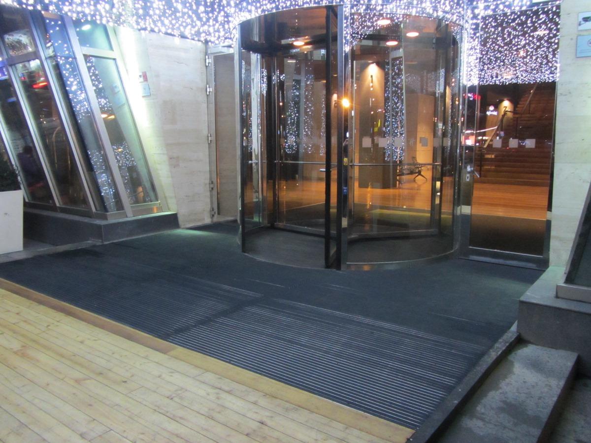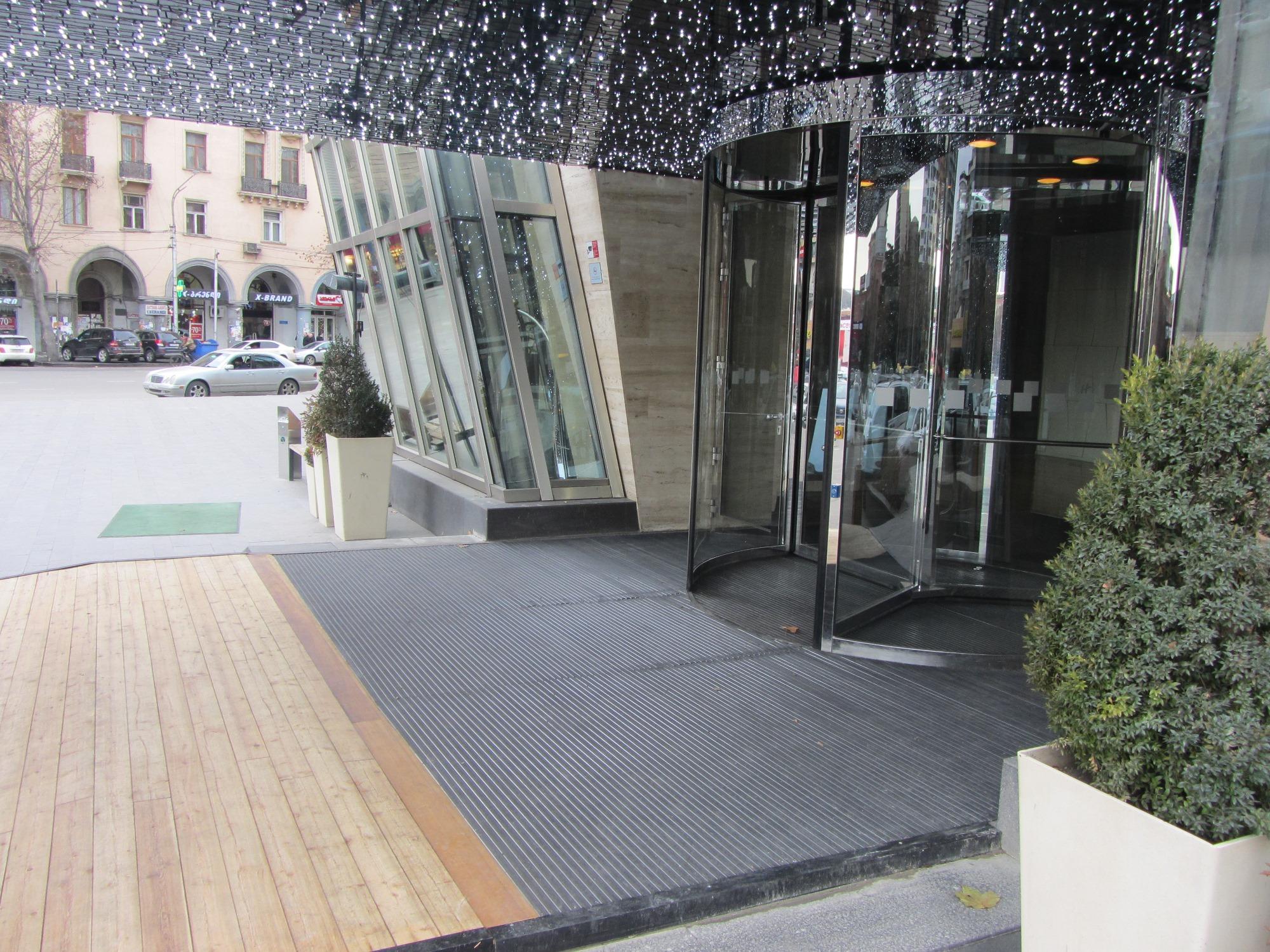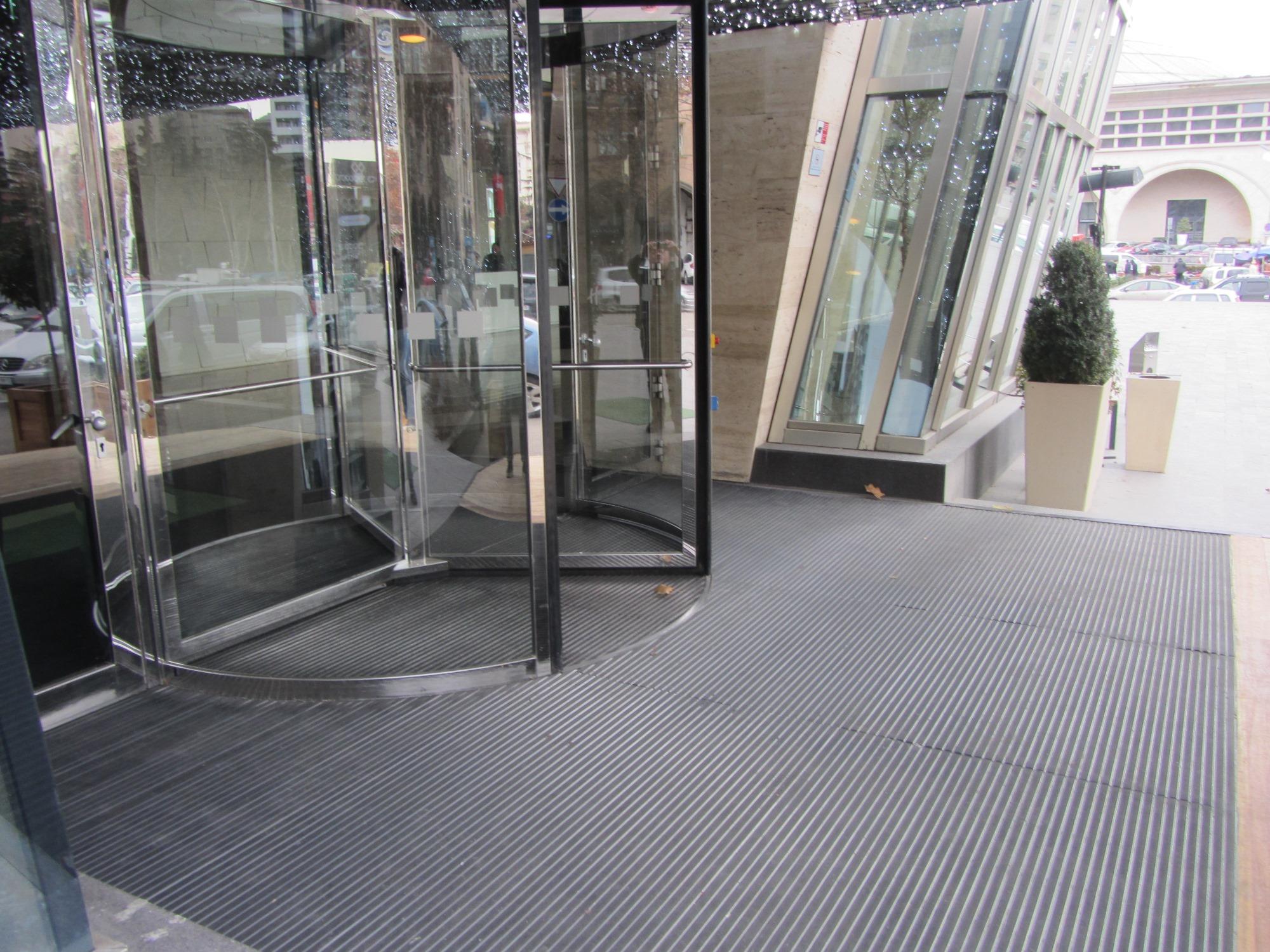 ცენტრალური შესასვლელის გარე პერიმეტრზე დაიგო ფეხსაწმენდი სისტემა EMCO Diplomat 517G რეზინის ჩანართებით.
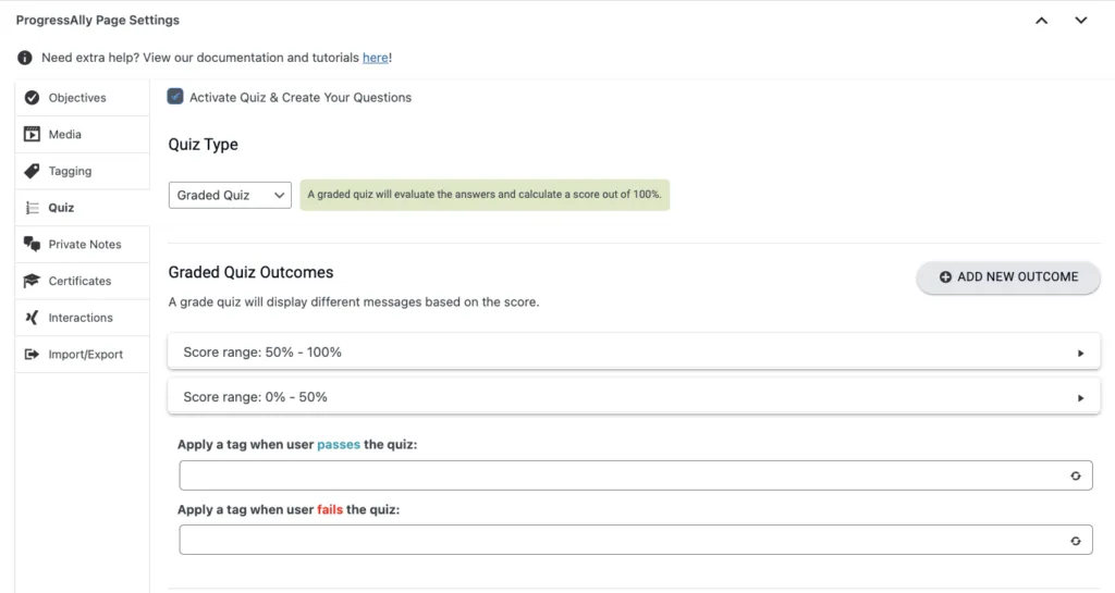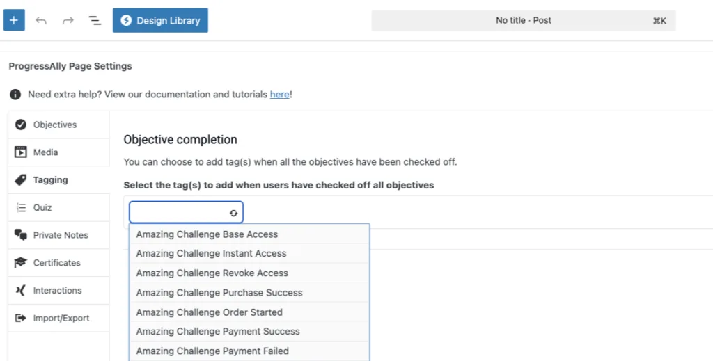 The tagging tab, is used to apply tags, when all objectives are marked complete. Tags are most often used to trigger emails for CRM integrated sites, or to unlock pages/posts giving a learner access to those items.
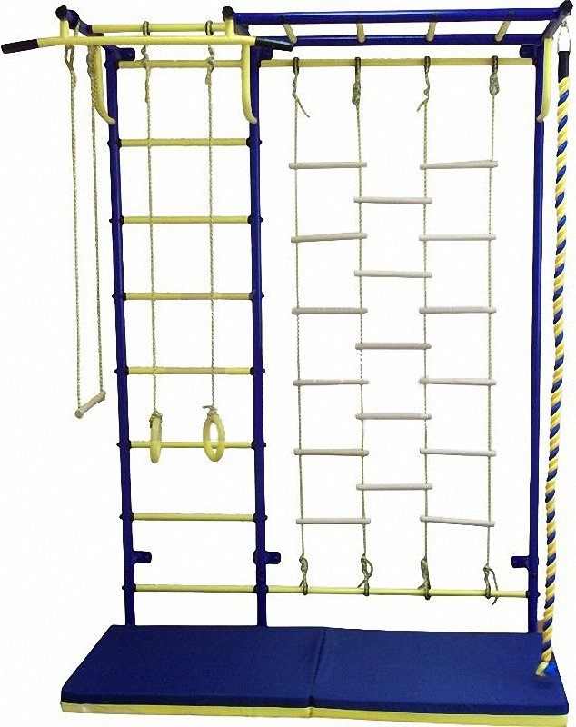 Шведская стенка с рукоходом и лестничной гладиаторской сеткой. Канат, трапеция, кольца гимнастические, сетка для лазания. Размещение сетки для лазания возможно как с правой, так и с левой стороны. Максимальная нагрузка 100 кг; пластиковое покрытие перекладин. Подробней на www. sportstenki. com.
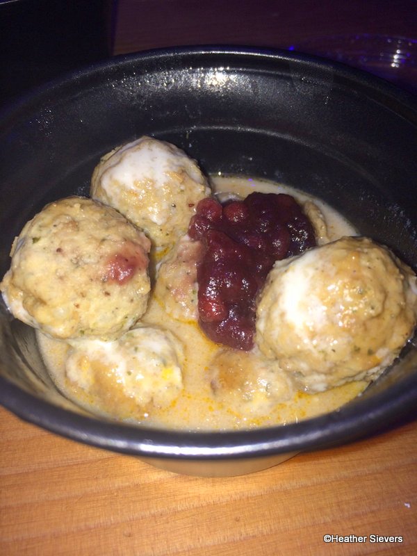 I’m seriously wondering if they are purchased straight from Ikea; very much a cafeteria type dish. The description reads “Creamy sauce melted over Scandinavian meatballs served with a lingonberry drizzle.” I thought they were just ok, a little too bland. I’d choose the corndogs over them any day.
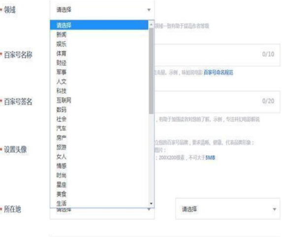 第四步:账号的详细信息填写。选择好领域之后,输入百家号名称,以及签名,签名一定要跟自己的领域相匹配才可以哦!领域一定要选择好,因为这在后期百家号是不允许修改领域的。
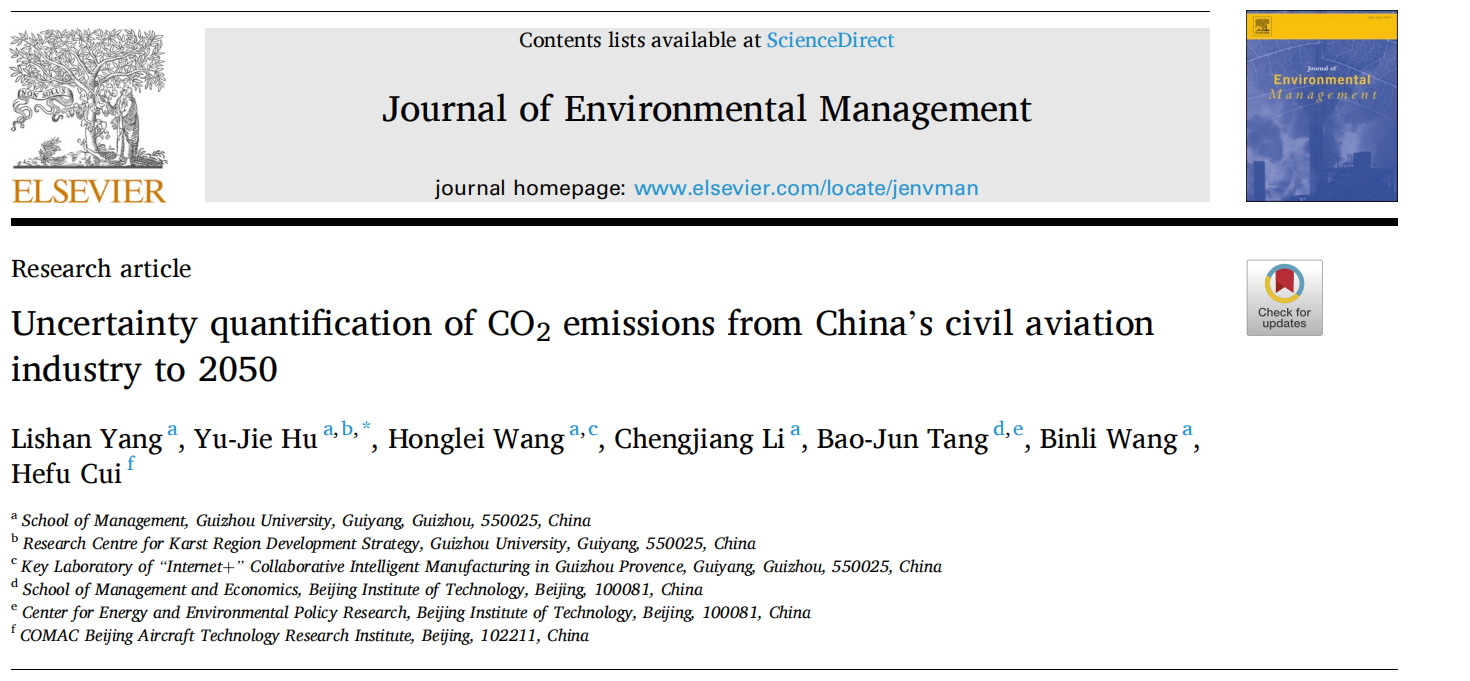 2023年6月9日获悉,我院胡玉杰副教授及其指导的2021级管理科学与工程学术型研究生杨莉杉围绕双碳背景下的中国民航业碳减排路径研究取得阶段性进展,研究成果《Uncertainty quantification of CO2 emissions from China’s civil aviation industry to 2050》在国际权威期刊《Journal of Environmental Management》上在线发表,350vip8888新葡的京集团为第一署名单位。这是贵州省致力于民航业双碳研究领域的首篇高质量高水平论文。
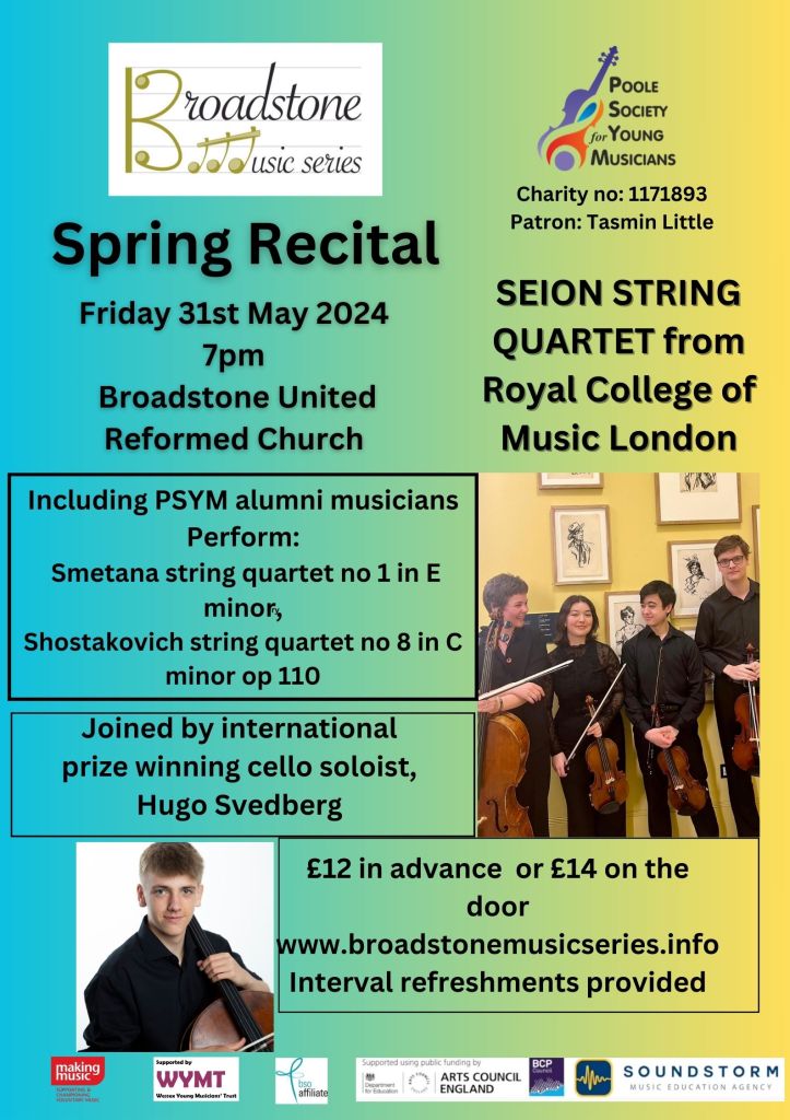 Two of the “Seion” string quartet members are alumni from our Poole Society for Young Musicians charity and many of our audience will recognise them so we are proud to present their recital.
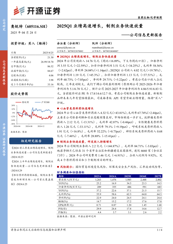 奥锐特在2024年及2025年第一季度展现出强劲的业绩增长,特别是归母净利润和扣非归母净利润增速显著,凸显了公司盈利能力的持续提升。制剂业务的爆发式增长是公司业绩的核心驱动力,地屈孕酮片等产品市场拓展成效显著,为公司贡献了重要的增量收入。在原料药业务方面,心血管类原料药表现突出,通过依普利酮和贝派度酸等产品的良好销售扩大了市场份额。公司持续加大研发投入,积极布局新制剂品种和高价值API,如司美格鲁肽API,为未来的可持续发展奠定了坚实基础。尽管面临国际贸易环境变化、环保安全生产以及汇率波动等风险,但公司凭借其优化的产品结构、强大的市场拓展能力和持续的创新投入,预计将保持稳健的增长态势。基于对公司未来业绩增长潜力的分析和当前估值水平,分析师维持了“买入”的投资评级。
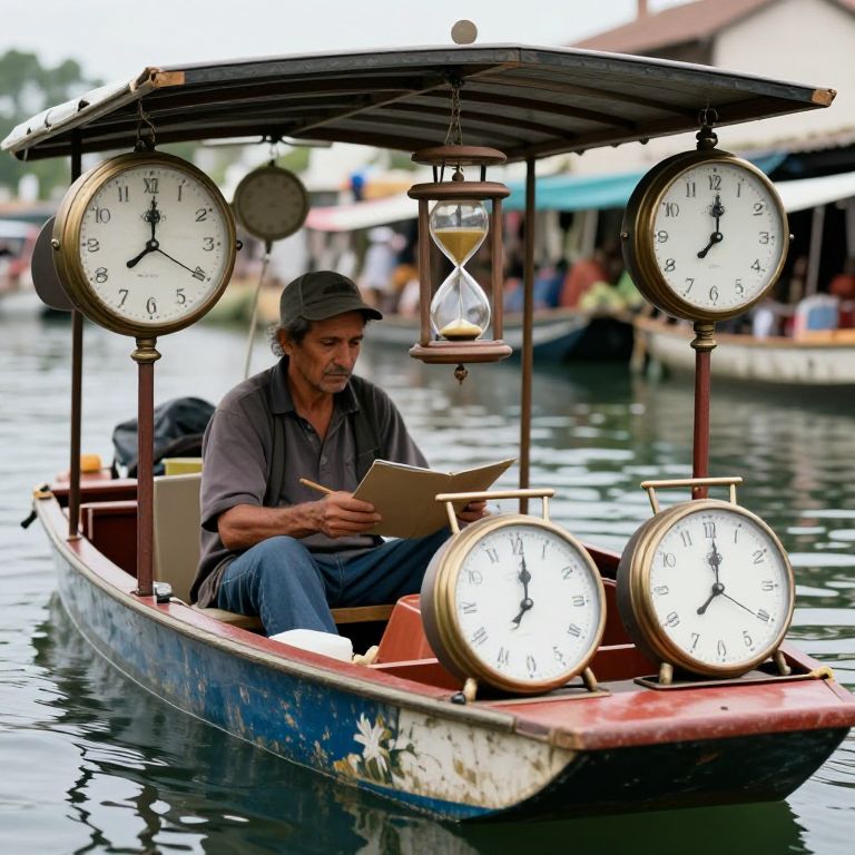 Photograph of a middle-aged man with a medium build, wearing a gray shirt, blue jeans, and a black cap, sitting in a small wooden boat on a calm river. The boat is adorned with four large, round, white clock faces showing different times, and a central hourglass. The man is reading a paper while seated on a wooden bench. The boat's roof is covered with a dark wooden slat. In the background, there are blurred figures and boats, suggesting a bustling riverside market. The water is reflective, and the overall scene has a vibrant, slightly saturated color palette.

****************************************

WHAT THE EXERCISE ASKS:
Beginning with the first line of the records above, extract each line exactly through the line that holds "The tagging tab, is", both ends included. Omit pictures.

ANSWER BOX:
 ცენტრალური შესასვლელის გარე პერიმეტრზე დაიგო ფეხსაწმენდი სისტემა EMCO Diplomat 517G რეზინის ჩანართებით.
 The tagging tab, is used to apply tags, when all objectives are marked complete. Tags are most often used to trigger emails for CRM integrated sites, or to unlock pages/posts giving a learner access to those items.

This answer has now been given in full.